Azure-Samples / cognitive-services-speech-sdk

Sample code for the Microsoft Cognitive Services Speech SDK
MIT License
2.95k stars 1.86k forks source link

Unintended Pauses Between Words When Using text_stream_sample for Chinese TTS #2596

Open dmingke opened 1 month ago

dmingke commented 1 month ago

Bug Description

This issue occurs when using the text_stream_sample with the zh-CN-YunxiaNeural voice model, resulting in unintended pauses between words, which disrupts the natural flow of the speech. For instance, when synthesizing the sentence "今天的天气真好", there is a noticeable and unnatural pause between the words "今" and "天", affecting the overall quality of the output. This behavior might be related to how the OpenAI-generated text is processed in chunks, leading to these pauses during real-time synthesis. I am looking for ways to prevent this from happening.

Steps to Reproduce

  1. Use the framework of the text_stream_sample in the repo.
  2. Set the speech_synthesis_voice_name to zh-CN-YunxiaNeural.
  3. Send the synthesized audio chunks (using audio_buffer.tobytes()) through the WebSocket and play the PCM audio data on the client-side.
  4. Notice that the longer the response, the more frequently unnatural pauses between words occur.

Expected Behavior

The synthesized speech should flow smoothly, with no unintended pauses between words unless indicated by appropriate punctuation. Each sentence should be delivered naturally and continuously.

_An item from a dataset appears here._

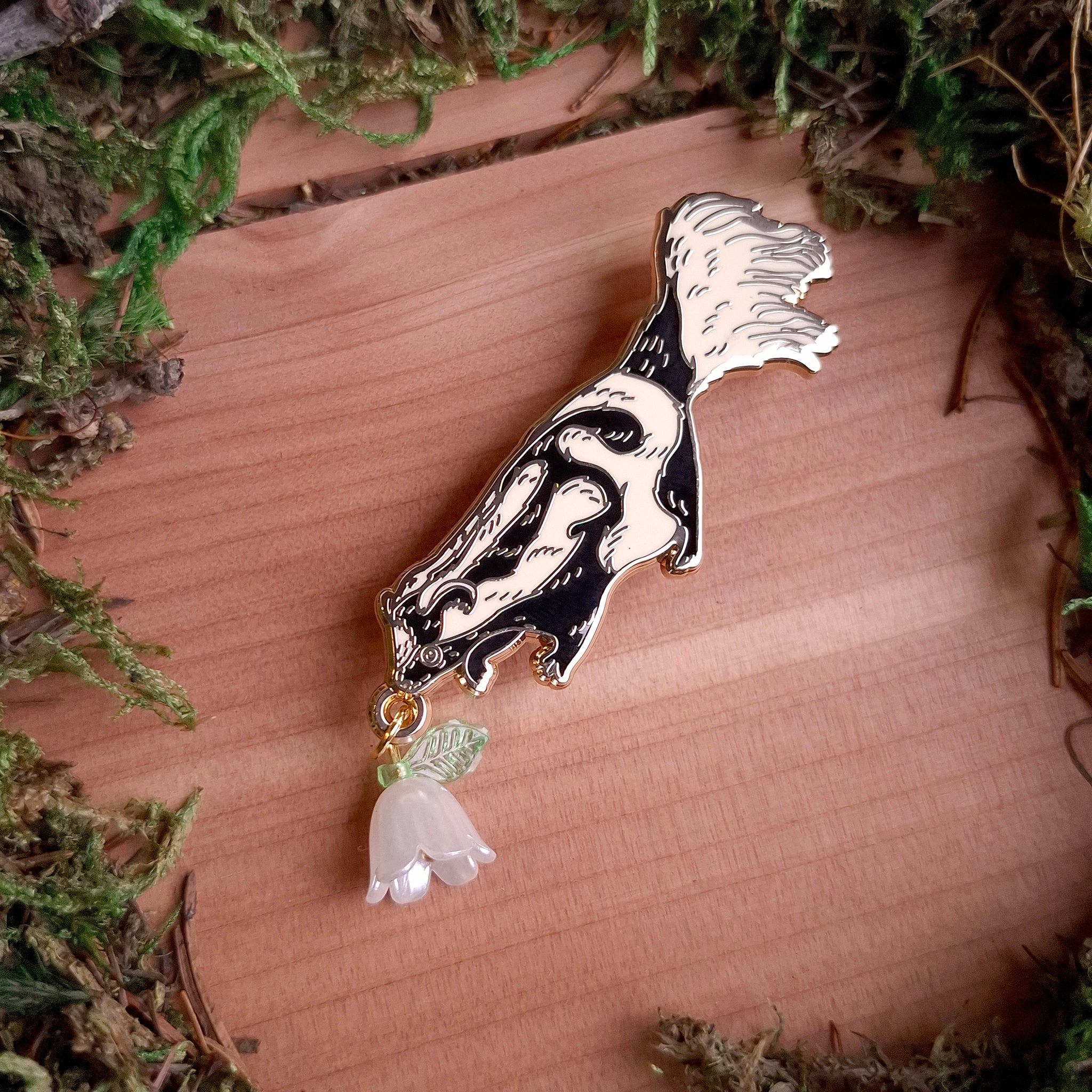 An enamel pin of a spotted skunk, holding a little white flower charm.

Version of the Cognitive Services Speech SDK

Additional Context

yulin-li commented 1 month ago

Thanks for reporting this issue.

@niuzheng168 could you check?

github-actions[bot] commented 1 month ago

This item has been open without activity for 19 days. Provide a comment on status and remove "update needed" label.

dmingke commented 1 month ago

hi guys, can anyone have a look at this problem?

github-actions[bot] commented 1 week ago

This item has been open without activity for 19 days. Provide a comment on status and remove "update needed" label.